Someone got the solution?
I want if in cel B12 pauze, loading or unloading This automatic calculated.
Greet Roland

----------


## jason.b75

Ik begrijp geen Nederlands, vertaald door Google.
Probeer dit in I19

=ALS(EN(B7>=$B$1;C7<=$B$2);REST(C7-B7;1);0)

en dezelfde wijziging toepassen op de rest van de formules in I19:Q23

Ik heb gevraagd om uw vraag te verplaatsen naar het niet-Engelse gedeelte van het forum waar anderen die uw taal begrijpen, mogelijk beter kunnen helpen.

----------


## langeloo

Now it is calculation cels I19 L19 and O19 the same.

----------


## jason.b75

Please you re-post your sample file, but this time fill in some data in B1:B4 and B7:C9 then replace the formulas that are wrong with the results that you expect.

----------


## langeloo

i changed the file in  row 19. didn't change row 20 and 21.
20 and 21 count it in the right way, but if i made a time of 23:45 (in row 19) it count in row 12 the time and not the time B2-B1 -row 19
Or i didn't understand yot. At least thx for the thinking.

hmm ican't upload the sheet anymore???

----------


## jason.b75

Sorry, something that I missed before.

In I19

=ALS(EN(B7>=$B$1;(C7+(C7<B7))<=($B$2+($B$2<$B$1)));REST(C7-B7;1);0)

Do rows 20 and 21 as well, if you don't then B2 before midnight and B3 after will mean row 20 is wrong, B3 before midnight and B4 after will mean row 21 is wrong.

Hope that makes sense.

Also, in B12

=REST(B2-B1;1)-SOM(I19:Q19)

Your formula looks correct, this is just a little shorter answers will be the same.

----------


## langeloo

Yes now it's working if B7=23:45 and C7=0:30. than its overnight counting

If i fill  in B7=0:30 and C7=0:45. it won't count.
The rest (function is working as well.
It's also possible that in the time between B2 and B3 are two times pauze, or 1 pauze and 1 unloading.

Or possible that 2 times unloading and loading between B2 and B3
Knipselexcell 2.JPG

----------


## jason.b75

Oops, I missed that possibility.

I'll have another look at it in the morning to correct that and see if there are any other possible failure points.

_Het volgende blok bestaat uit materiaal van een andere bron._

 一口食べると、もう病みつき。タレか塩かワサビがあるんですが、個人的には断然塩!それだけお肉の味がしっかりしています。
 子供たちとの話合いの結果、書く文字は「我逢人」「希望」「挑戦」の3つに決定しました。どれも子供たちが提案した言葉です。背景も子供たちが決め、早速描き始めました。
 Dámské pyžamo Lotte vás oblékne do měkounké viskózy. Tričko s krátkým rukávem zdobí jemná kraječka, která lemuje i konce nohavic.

Do you need the itemised times in I19:Q21, or just the final totals in B12:B18?

----------


## langeloo

I send the Original file i created as first. I tried to calculate in from this form. But in the first one i tried i made the colored calculation to make it  easyer.
pff unable to send file

----------


## langeloo

the file is there. i made comment in the file. The colored I19:q21. did i use to make the formula simpel. I tried  to make the formula in the invulforum sheet direct in B41. I couldn't find the right formula. So that's why i made it with the colored boxes in the first sheet.
The colored boxes could be hided.

Yes the totals are okay. B12:B14 total -row 7,8,9 and B15:b17 total row 7,8,9 and then total invoice.

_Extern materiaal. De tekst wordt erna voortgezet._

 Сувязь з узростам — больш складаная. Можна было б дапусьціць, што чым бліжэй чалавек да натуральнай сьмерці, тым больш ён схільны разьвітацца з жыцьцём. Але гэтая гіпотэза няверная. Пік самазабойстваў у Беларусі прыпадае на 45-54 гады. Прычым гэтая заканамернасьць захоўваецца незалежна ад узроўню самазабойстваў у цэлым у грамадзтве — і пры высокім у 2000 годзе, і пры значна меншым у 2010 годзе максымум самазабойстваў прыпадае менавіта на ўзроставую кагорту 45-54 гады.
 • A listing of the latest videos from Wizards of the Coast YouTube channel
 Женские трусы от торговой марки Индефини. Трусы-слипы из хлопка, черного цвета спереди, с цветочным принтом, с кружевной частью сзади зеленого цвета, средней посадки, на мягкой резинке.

You can see that as well in the original sheet.
There would it be B41:b43 time - row 35, 36, 37 and 38.
B44:B47 total of  row 35, 36, 37 and 38.

The invul form is send to customers. The don't need to see the formulas or calculation. The sheet is secured and the formulas (or needed cels hidden when ready.

 Thx

----------


## jason.b75

I think I have it right this time, this is based on the Invul file in your latest post.

C41  =REST(I30-I29;1)*24
C42  =REST(I32-I31;1)*24
C43  =REST(I31-I30;1)*24-SOM(C44:C46)
C44 fill down to C47  =(REST(D35-C35;1)+REST(F35-E35;1)+REST(H35-G35;1))*24

Try that with various times and see how well it works. I think it will be wrong if (C32+I32)-(C29+I29) is more than 24 hours. If that is possible then I think that you will need to change your method of data entry to include date and time for every record.

----------


## langeloo

It works but i think we misunderstood each other. I want to calculate the time in row 35. 36, 37 and 38. if the time in C35 and D35 is between I29 and I30. it has to calculate C41=REST(I30-I29;1)-(D35-C35;1). But is the time in C7 and D7 between I30 and I31 then the formula has to be C43=REST(I31-I30;1)-(D35-C35;1). And on. Is the time between I31 and I32 Also the same. 
what i want is that the formula in C41 has to detect if the time (in row 35:38 (C:D) or(E:F) or(G:F) is in between (I29 and I30) Or (I30 and I31) or (I31 and I32). Then calculate.  If i make pauze (row 38) in between I30 and I31 it has to calculate c43 total time -pauze or loading or unloading. C44:C47 are just the total in the row 35:38. 
That why i made the first example with al the colors. Every cel in the colors were a formula to calculate every cel in B7:H9.
I think its complicated, but in de first form it worked except the problem after midnight.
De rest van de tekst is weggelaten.